The closing arguments have been heard in a United States Department of Justice trial to decide on the fate of the planned USD3.8 billion acquisition of Spirit Airlines (NK, Fort Lauderdale International) by JetBlue Airways (B6, New York JFK), with US District Judge William Young hinting that the deal could go ahead if JetBlue agrees to forfeit more assets.

Leaving it open which way he would lean in the non-jury trial in Boston, the judge summarised that the Justice Department’s request to block the deal was hard to agree with in a “dynamic industry facing unique opportunities and challenges in the post-Covid environment.” Yet he said it was inevitable that fares would rise if the two low-cost carriers merged.

JetBlue has already offered to divest gates and slots at Boston, New York Newark, and Fort Lauderdale International to quell antitrust concerns, but Young suggested that further divestitures could be enough to push the deal over the line.

The Justice Department, six US states, and the District of Columbia sued to challenge the merger in March as being harmful to competition. The start of the trial was delayed but it began on October 31, and lawyers for both sides delivered their closing arguments on December 5.

Young had “seen cases where a court has decided the divestitures were close but not sufficient and then has proceeded to say this would pass muster if there were this divestiture or that divestiture,” he said, as quoted by Reuters.

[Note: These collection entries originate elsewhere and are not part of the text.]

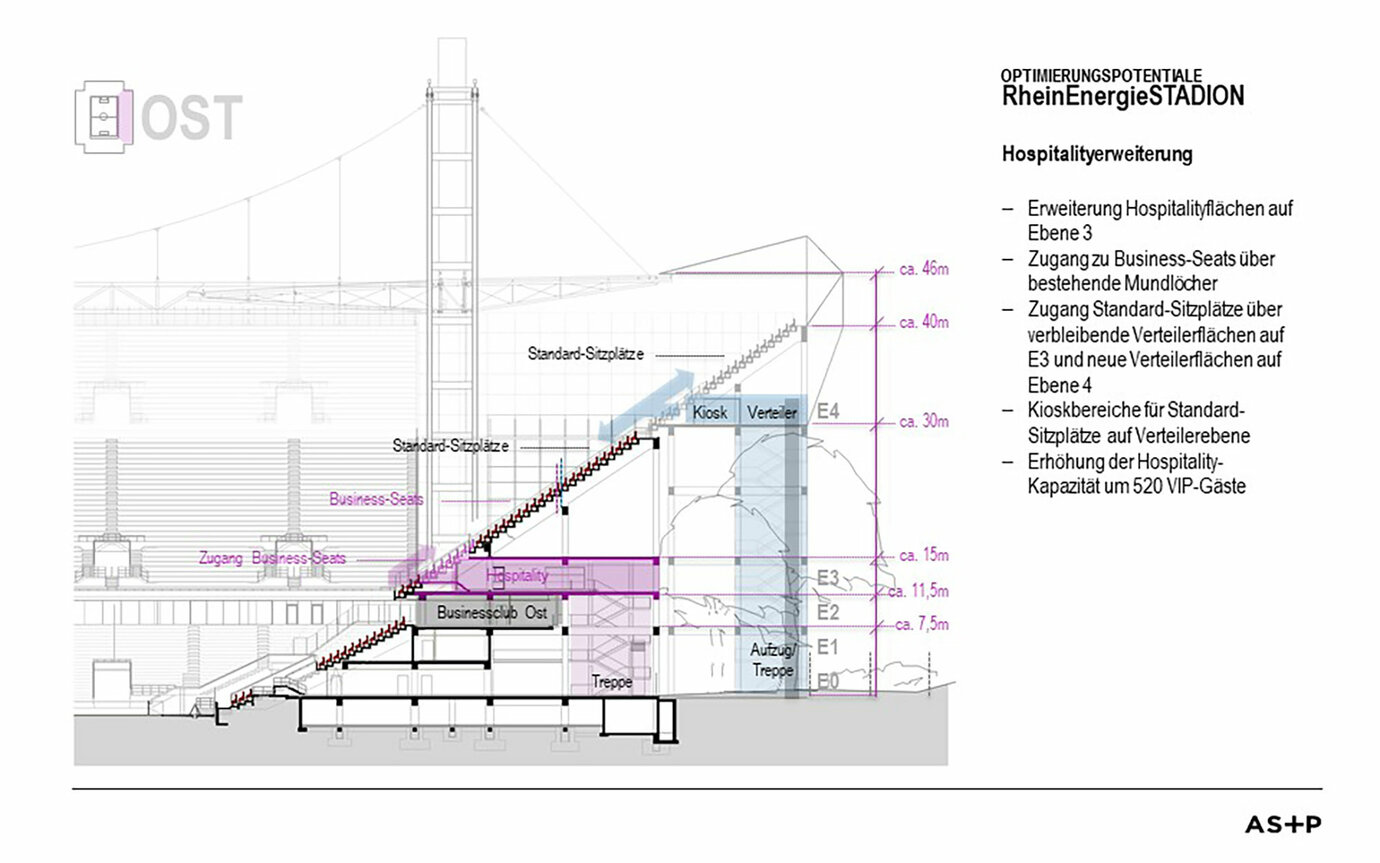 Located in Cologne’s Müngersdorf district, RheinEnergie Stadium is where the 1. FC Köln football club plays its home matches in the Bundesliga. Given the close ties between fans and the club, the stadium is only to a limited extent able to meet the consistently high demand for tickets. With a view to increasing ticketing revenues at the stadium, the City of Cologne, Kölner Sportstätten GmbH, and 1. FC Köln mutually agreed that AS+P should prepare a feasibility study on the possibilities for expansion of RheinEnergie Stadium. In order to be able to identify the project’s potential and risks at an early stage through functional planning based on different scenarios and reach a sound basis for assessing the prospects of these actually being realized, alongside deliberations about concepts for the expansion of the stadium and transport, external experts from the fields of structural engineering, planning and building law, noise protection and economic viability were also integrated in the planning process. The alternative planning methodology devised by AS+P on this basis identified key indicators (capacities proportionate to spectator groups, ground plan sizes, size and layout of the land, heights, etc.) formed the basis of the external experts’ assessments and will be used in the course of possible further stages of the project along with subsequent economic feasibility studies to deduce the potential costs and earnings the project would entail for the client.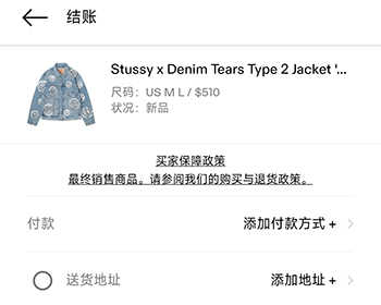 3、进入结账页面,选择付款方式,添加地址,付款后即可购买。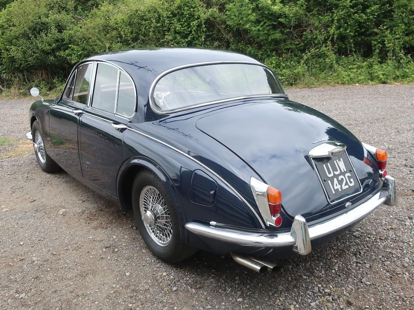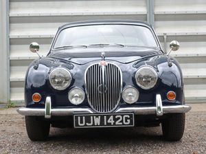 Registered 23rd August 1968 this manual with overdrive 3.4 litre Jaguar has a large history file that shows much maintenance over the years, that includes rebuild of the cylinder head in 2003 and bodywork repairs and repaint in 2016. The file also contains general service and repair bills as far back as 1994. Fitted with power steering and Coopercraft front brakes the car sits on the chrome wire wheels and has 'Coombs' type rear wheel arches. The general condition of the car remains good with the interior wood work and trim in good order, both carpets and seat leather in fine order while the exterior body work is generally sound and corrosion free but showing some signs of age. Mechanically the car is strong, good oil pressure with no signs of smoke from the engine on cold start. The working power steering and functioning overdrive a real bonus, while the manual gearbox is also in good working order. This is not a mint example but a much loved and well cared for classic, useable and reliable. Showing just over 7,000 miles it has old MoT certificates that go back to 2007 when the milage was showing 4,214 miles. It is supplied with its original tool kit, and extra jack, car cover and a new Mot ( no advisories ) until 17.06.2026.

However, an attorney for the Justice Department responded that the merger is so anti-competitive that nothing short of a full injunction against it would suffice.

A lawyer for JetBlue, Ryan Shores, admitted that it was within Young's power to craft such an order but urged that any remedies the court imposes should be narrow.

He stressed that JetBlue needed Spirit in order to be a “viable challenger” to the four airlines that control 80% of the domestic air travel market, namely American Airlines, Delta Air Lines, Southwest Airlines and United Airlines. “That mandate is even more urgent today,” he added, as quoted by the Associated Press news agency.

Asked how long it would take for consumers to see the benefits JetBlue promises, such as more competition with bigger airlines, Shores replied that it could be two or three years, “after the market has arrived at its post-merger competitive equilibrium.”